Saturday, February 11, 2012
(No Pussyfooting) (1973)
I don't have to think very long or hard about my favorite collaboration between Brian Eno and Robert Fripp—I like all of them, but this first has always been special, the one that most stood out to me, and by a good margin, for its ability to cohere the vaporous trails and impulses of ambient music into something textural and dense with presence, for Robert Fripp's guitar-playing which is supernaturally beautiful or maybe that's the ethereal tone I'm catching, and for sounding so good every time I play it. It's not that often, admittedly, and then I'm likely as not to make the beeline for Terry Riley first. But the omnipresent ghost that attends nearly all of Eno's work, the one that dictated the Oblique Strategies deck that he always seems to manage so skillfully, is vividly alive and well here, moving through every passage and decision—how, I can't say exactly. That's part of the mystery of it, the ghost equally present here as much as he (or it) is there on "Always Crashing in the Same Car," on "Baby's on Fire," on "1/1" of Music for Airports—maybe even more so. I've said elsewhere and perhaps ad nauseam by this point that I think Eno's greatest skill is the one that is perhaps least visible: a sensitivity and unique knack that he brings to the art of collaboration, somehow finding ways to draw the inner Eno out of all his accomplices, which is there almost incidentally practically for the sake of continuity alone. He is able to make projects somehow greater than the sum of their parts, reliably.
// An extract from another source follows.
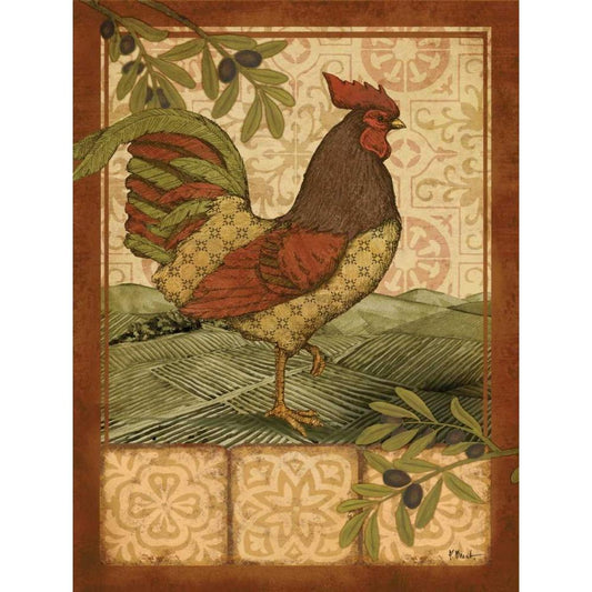 Tuscan Rooster I Gold Ornate Wood Framed Art Print with Double Matting by Brent, Paul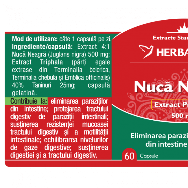 Extractul de Nuca Neagră este eficient și sigur pentru eliminarea paraziților și viermilor intestinali. Are și efect antibacterian și antifungic și s-a folosit de către nativii indieni și pentru probleme digestive precum diaree, constipație sau ulcer.

In the immediate aftermath of King Crimson's heyday this could hardly have been what fans of Robert Fripp were prepared for, yet it's him all right: lyrical, constrained, plunged into a lush aural ecosystem that complements his nuances down to the tendrils. It's very fine, lovely, patient, beguiling work, and I mean on the part of both of them equally. This is made with love, as the giddy cook says emerging from the kitchen. It's palpable, even. A masterpiece of smoldering affect. And something that is capable of suiting every mood.